Congress threatens TSM funds

Members of Congress last week warned the Internal Revenue Service that they will cancel the Tax Systems Modernization next year unless the agency proves to them within the next two months that it can repair the multibillion-dollar program.

"We're done," said Rep. Jim Lightfoot (R-Iowa), chairman of the House Appropriations Committee's Treasury, Postal Service and General Government Subcommittee, at a hearing on the IRS budget Thursday. "I'm prepared to zero the whole program out. All we've asked for is a blueprint."

"The program is at risk," cautioned Rep. Steny Hoyer (D-Md.), one of the most vocal defenders of TSM, unless lawmakers "have a high level of confidence" that it can succeed. "I don't know that I've been as frustrated with a program as I have been with this one."

Treasury Department deputy secretary Lawrence Summers told the panel that the department would explain how the IRS plans to spend the $850 million it is requesting for TSM in fiscal 1997 as well as meet a demand in last year's spending bill that the IRS report on how it will improve the management of the project. But he left doubt as to whether any of this information would be completed in time for the subcommittee to write the appropriations bill for the agency in mid- to late May.

Summers, together with other top Treasury officials, have been reviewing TSM investment and management decisions since last year, as concern grew within the Clinton administration and on Capitol Hill that the IRS could not manage the mammoth project. Summers said he plans to strengthen Treasury's Modernization Management Partnership, composed of senior officials from the IRS and Treasury, to "function like an outside board of directors of a company" and "insist on regular and clear reporting about progress and decision making.

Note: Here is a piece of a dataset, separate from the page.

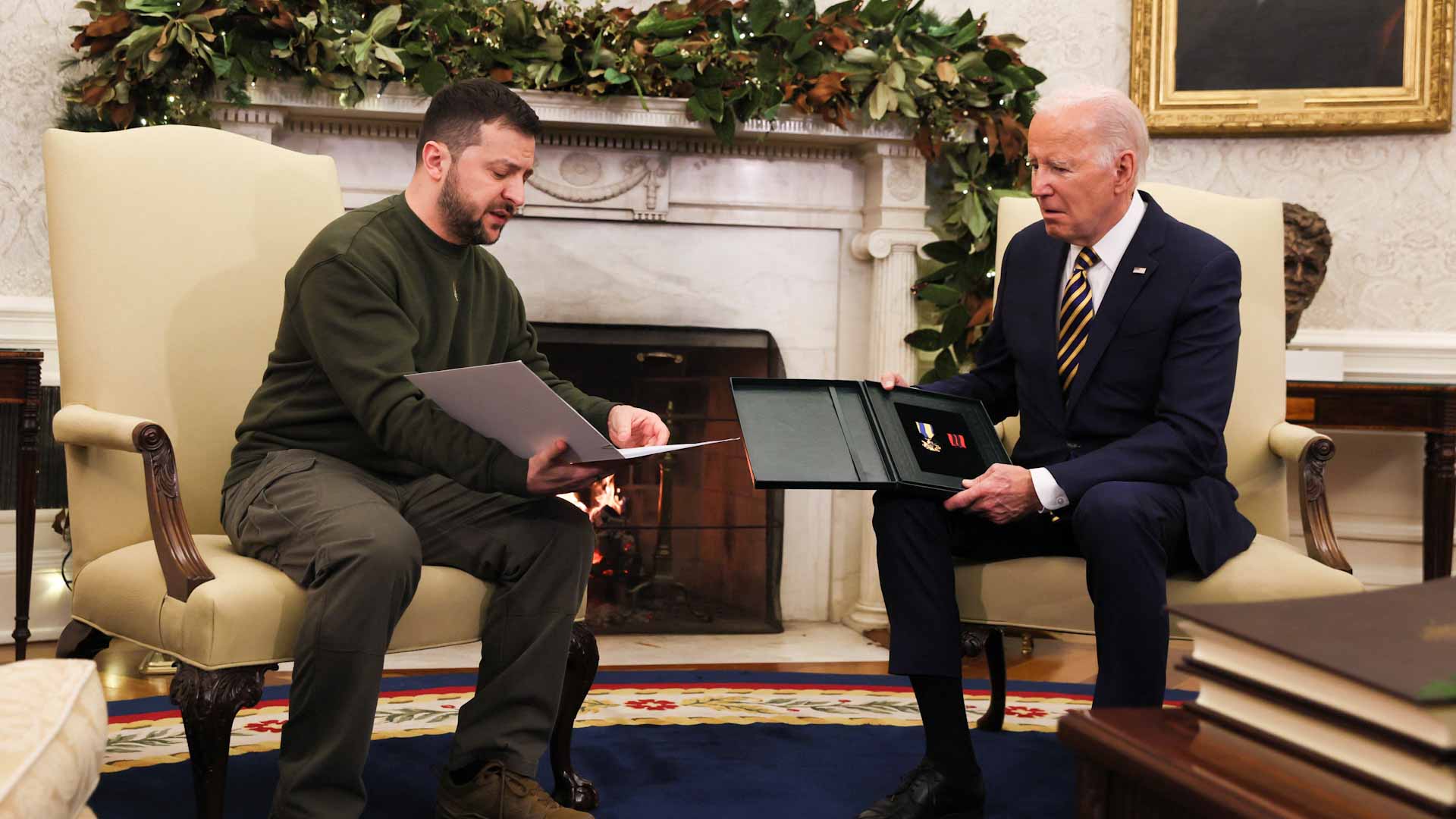 كعربون امتنان ورمز لصداقة دائمة، قلّد الرئيس الأوكراني فولوديمير زيلينسكي الرئيس الأميركي جو بايدن ميدالية عسكرية من ضابط أوكراني، حيث استقبل جو بايدن نظيره الأوكراني، في البيت الأبيض يوم الأربعاء، وأكد بايدن مجدداً على مواصلة الدعم الأميركي لأوكرانيا مع استمرار الحرب.

"The TSM project went badly off track," Summers said, nodding in agreement when Lightfoot suggested the No. 2 Treasury official might share some of the same frustrations that lawmakers have about the project. "The department is not going to, as in the past, [just] pass along reports the IRS has provided."

Once unshakable, support for TSM has eroded over the past three years with the publication of increasingly critical reports by the General Accounting Office and the National Research Council of the IRS' progress with the decade-old systems overhaul. Lawmakers, who withheld $100 million of fiscal 1996 TSM funds pending proof that the IRS could fix the program, are more skeptical now because the agency still has not produced the requested information.

So far, the IRS has spent about $2.5 billion out of $3.5 billion in funds appropriated since 1990. The total cost of installing new systems is estimated to be $8 billion, with another $15 billion expected to be spent maintaining legacy systems in the interim.

During the two-hour hearing, lawmakers at times became testy. Lightfoot asked why NASA could promise to build a space station in eight years with $25 billion, but the IRS had already taken longer to build its information systems, which were not "rocket science."

Later in the day, IRS commissioner Margaret Milner Richardson also appeared before the panel but made only passing reference to the problems with TSM. Richardson and Summers each outlined improvements that technology has brought to the IRS, including electronic funds transfer for payment of business taxes and new electronic filing options for individuals and companies.

After the hearing, Richardson refused to answer a reporter's question about whether the IRS would be able to meet the panel's demands.

Summers testified that the IRS would address criticism that it has lacked the technical expertise to build TSM by giving more work to its contractors. Also last week, the IRS announced that it had appointed a new chief information officer, Arthur Gross, to manage the technical aspects of the program.

During an interview, Lightfoot said TSM has similar problems to those that afflicted the Federal Aviation Administration's Advanced Automation System, which has taken years to develop, in part because the agency could not settle on its technology requirements.